___ DATASET RECORDS

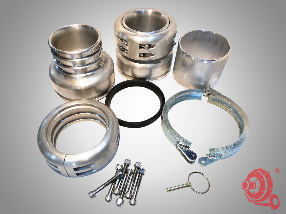 - Состоят из двух идентичных половин с уплотнительными манжетами, вставленных в трубопровод, закрепленных трехсекционными, двухболтовыми хомутами и соединенных между собой с помощью втулки и стального хомута
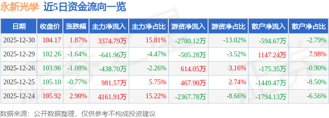 证券之星消息,截至2025年12月30日收盘,永新光学(603297)报收于104.17元,上涨1.87%,换手率1.85%,成交量2.05万手,成交额2.13亿元。
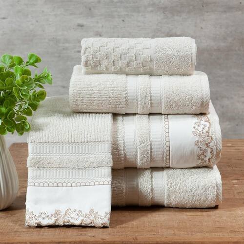 Contém: 02 - Toalhas de Banho - 1,50m x 80cm 02 - Toalhas de Rosto - 80cm x 50cm 01 - Toalha de Piso - 70cm x 50cm
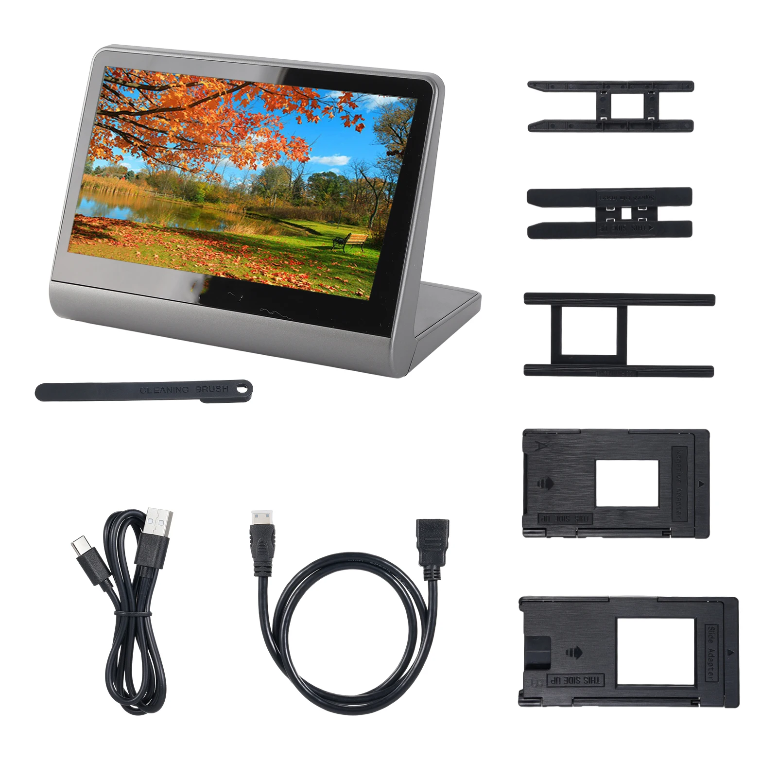 Bisofice Film and Slide Scanner for 135 Film(36*24mm)/126KPK /110 Film/Super8/ Monochrome/Slide to Digital JPEG Photos Built-in 16GB Memory 7'' LCD Screen Free APP Support 48W Pixels Display Connect w
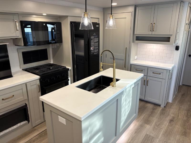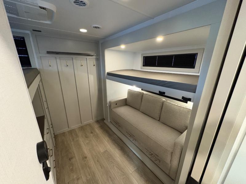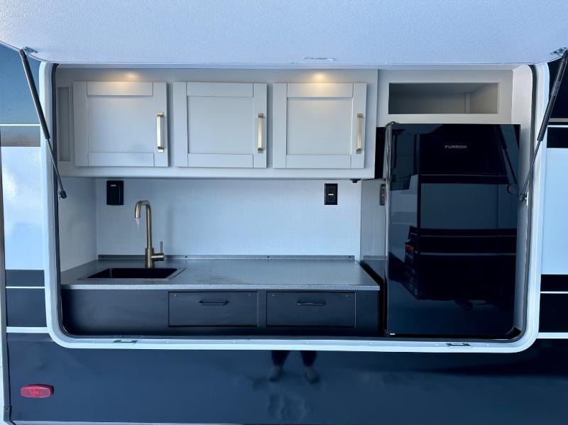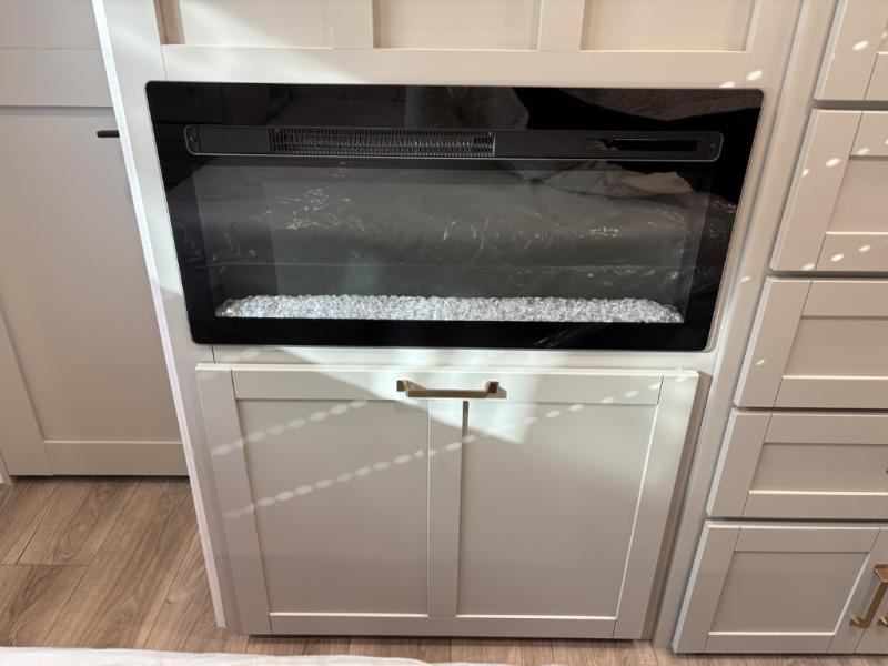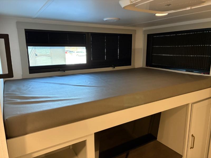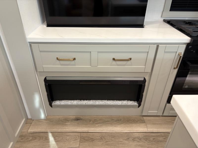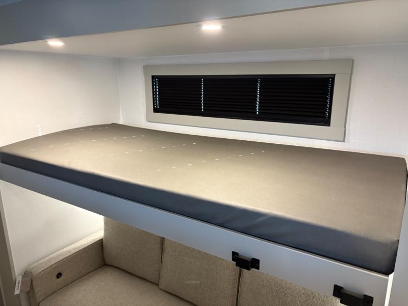 The whole gang will love camping in this spacious travel trailer for six to seven! Your guests or little ones will have the rear bunkhouse all to themselves, which includes a tri-fold sofa with a reclining back, a flip-up bunk, plus a second bunk bed across the room for even more sleeping space. There is even a bunkroom 42" Smart TV with a wardrobe for entertainment and storage! The front private bedroom includes a walk-around queen bed with four under-bed drawers for clothes, extra blankets and more. Head to the combined kitchen and living room to prep dinner on the kitchen island, relax on the theater seating, and dine at the sleeper dinette. There is also a pantry with adjustable shelves here, along with a hutch, 16 cu. ft. refrigerator that opens with the slide out, plus a televator and fireplace to make your space feel more like home! Outside, you'll find two power awnings, LED ground lighting, drop-frame pass-thru storage, and an outdoor kitchen with a refrigerator, sink, and storage!

______

* _WHAT IS REQUIRED_: Output the data exactly, pictures omitted.

* _ANSWER BOX_:
 - Состоят из двух идентичных половин с уплотнительными манжетами, вставленных в трубопровод, закрепленных трехсекционными, двухболтовыми хомутами и соединенных между собой с помощью втулки и стального хомута
 证券之星消息,截至2025年12月30日收盘,永新光学(603297)报收于104.17元,上涨1.87%,换手率1.85%,成交量2.05万手,成交额2.13亿元。
 Contém: 02 - Toalhas de Banho - 1,50m x 80cm 02 - Toalhas de Rosto - 80cm x 50cm 01 - Toalha de Piso - 70cm x 50cm
 Bisofice Film and Slide Scanner for 135 Film(36*24mm)/126KPK /110 Film/Super8/ Monochrome/Slide to Digital JPEG Photos Built-in 16GB Memory 7'' LCD Screen Free APP Support 48W Pixels Display Connect w
 The whole gang will love camping in this spacious travel trailer for six to seven! Your guests or little ones will have the rear bunkhouse all to themselves, which includes a tri-fold sofa with a reclining back, a flip-up bunk, plus a second bunk bed across the room for even more sleeping space. There is even a bunkroom 42" Smart TV with a wardrobe for entertainment and storage! The front private bedroom includes a walk-around queen bed with four under-bed drawers for clothes, extra blankets and more. Head to the combined kitchen and living room to prep dinner on the kitchen island, relax on the theater seating, and dine at the sleeper dinette. There is also a pantry with adjustable shelves here, along with a hutch, 16 cu. ft. refrigerator that opens with the slide out, plus a televator and fireplace to make your space feel more like home! Outside, you'll find two power awnings, LED ground lighting, drop-frame pass-thru storage, and an outdoor kitchen with a refrigerator, sink, and storage!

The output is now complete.